You’ve got a suspect in custody, run his DNA, found a match in CODIS, and you’re ready to make an arrest for the crime. Now you just need a handsome detective in sunglasses to put the squeeze on the guy.
Yeah. Not so much.
Crime scene investigation, especially where it pertains to DNA, isn’t quite like they say on TV. While DNA can be an invaluable tool in helping to support criminal investigators and confirm (or eliminate) suspects, the truth about what happens in a forensic crime lab doesn’t always make for great television.

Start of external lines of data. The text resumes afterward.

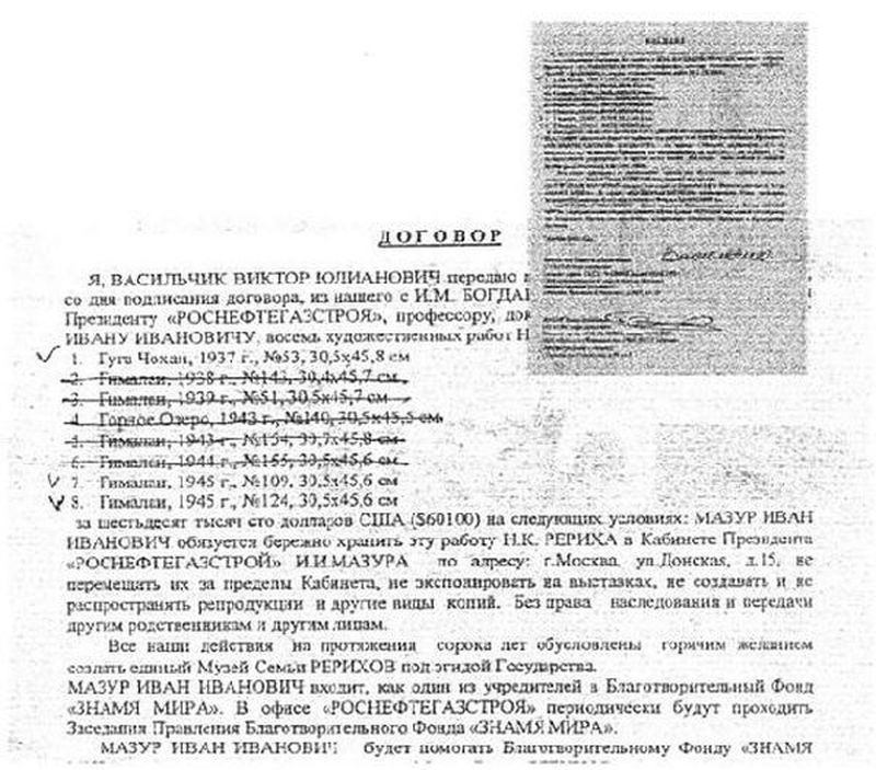 Всего же, по некоторым сведениям, за определенный период из наследия Рериха ушло как минимум 30 картин стоимостью приблизительно полмиллиона долларов. Восемь из них должны были украшать кабинет президента «Роснефтегазстроя» И. И. Мазура, и, судя по всему, большого любителя живописи[119].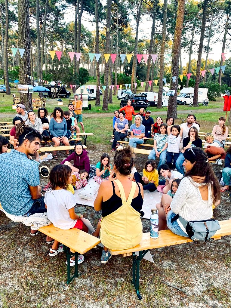 La journée c’est surf, cueillette de plantes, yoga sous les pins, balade à vélo entre les marées, slackline, paddle, pêche à pied, et cuisine sauvage. Chacun trouve son bonheur et avance à son rythme, porté par la douceur de la nature.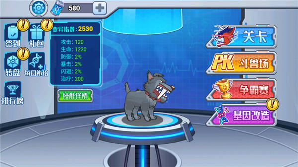 1、下载进入变异狗大战游戏,这里有丰富的关卡、pk斗兽场、争霸赛等模式玩法;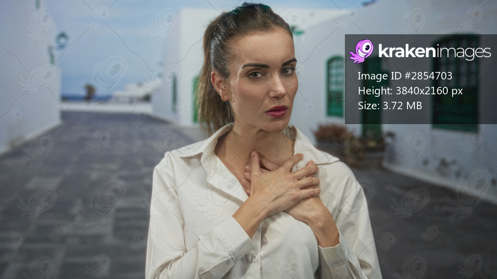 Hispanic woman in casual white shirt clutches chest from heartattack on a narrow sunlit street; panic.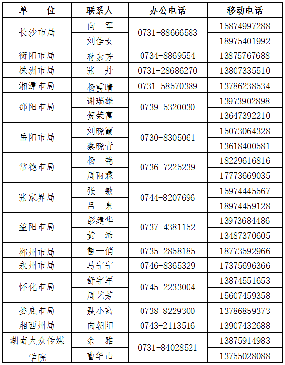 (1)市州现场确认地点:市州现场确认地点设在各市州文化旅游广电(体育)局,考生可根据属地就近选择,现场确认时间为9月2日-9月6日,各单位负责人及联系方式如下: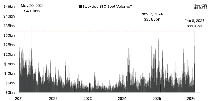 Diễn biến giá đi kèm với hoạt động giao dịch “siêu sôi động”, theo Lunde. Khối lượng giao ngay Bitcoin trong hai ngày đạt 32 tỷ USD vào ngày 6/2, thuộc nhóm cao nhất từng ghi nhận. Riêng hai phiên 5/2 và 6/2 đều nằm trong nhóm 5% phiên có khối lượng lớn nhất trong lịch sử — hiện tượng chỉ từng xuất hiện một lần trong 5 năm qua, vào thời điểm sụp đổ của FTX.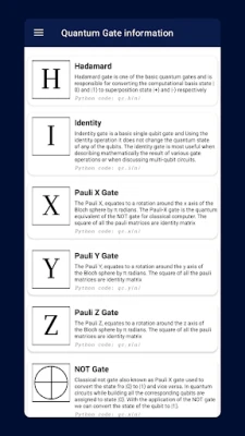- Detailed Quantum Gate Information: Access in-depth explanations and information about all the quantum gates available in the app. Enhance your understanding of how each gate manipulates quantum states and contributes to the overall circuit functionality.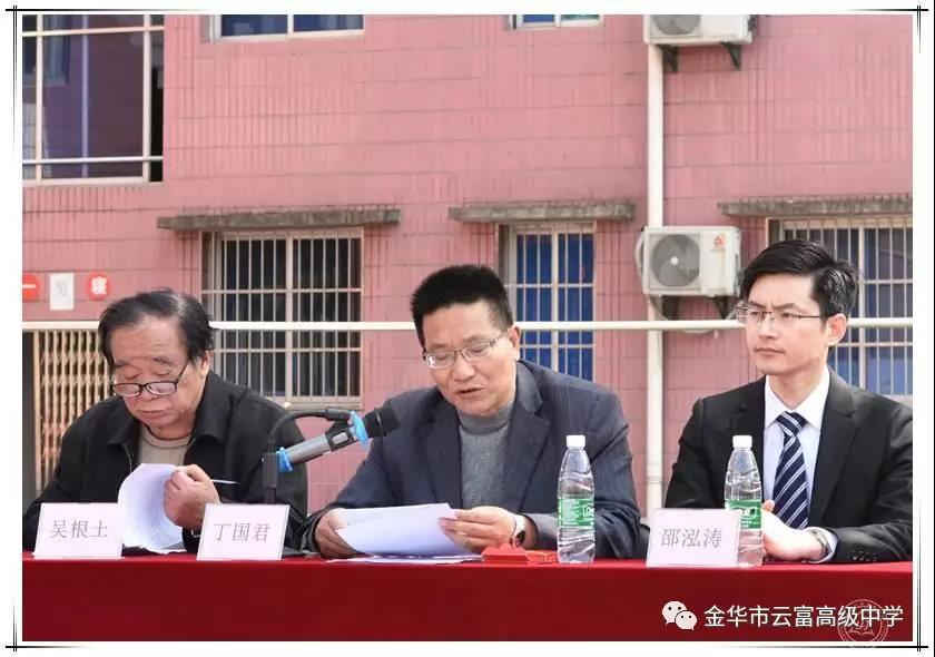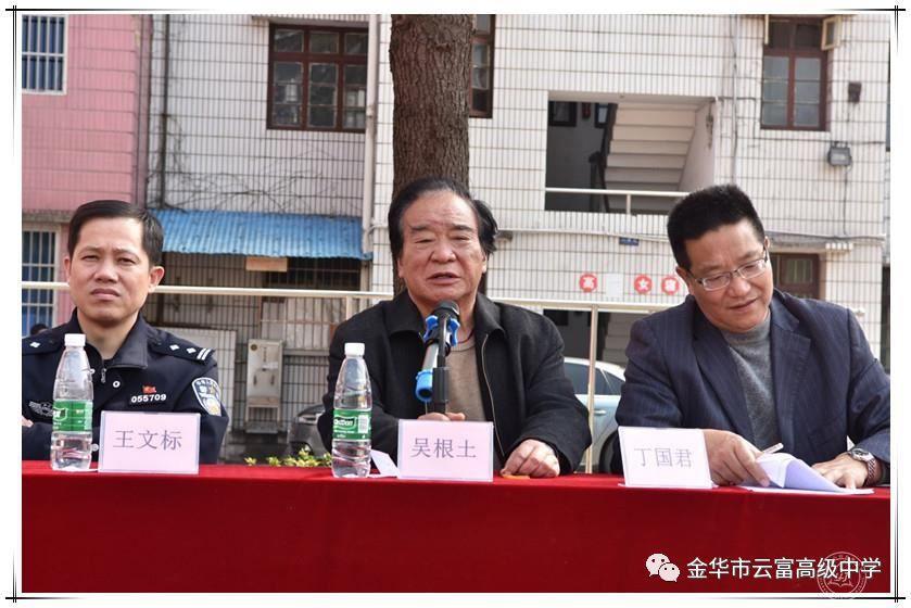 开学典礼上在主席台就座的有,浙江省特级教师、金华市名校长吴根土校长,金华一中帮扶项目负责人丁国君校长,金华西关派出所教导员、金华云富高中法制副校长王文标同志,金华云富高中法律顾问邵泓涛律师,金华云富高中首届家委主任李奇同志,学校各科室负责人。

If you work in forensics, you’ve likely rolled your eyes along with us at the over-simplification of the tools, processes, and personnel involved in forensic DNA analysis. Share this post with your friends the next time they compare your job with that of a TV CSI, because as we both know, here’s what really goes down:
1. DNA Processing Takes Time
DNA test results in a couple of hours? That only happens on television. A criminal DNA assessment generally requires a minimum of about 60 hours of testing and analysis,according to forensic scientist Heather R. Fisher Sargent, MFS.
This can translate into anywhere from three days to several weeks, depending on the lab’s backlog and available human resources. Given that the average crime lab has more than 150 backlogged DNA requests¹ a typical lab’s goal for DNA processing is more like 30 days.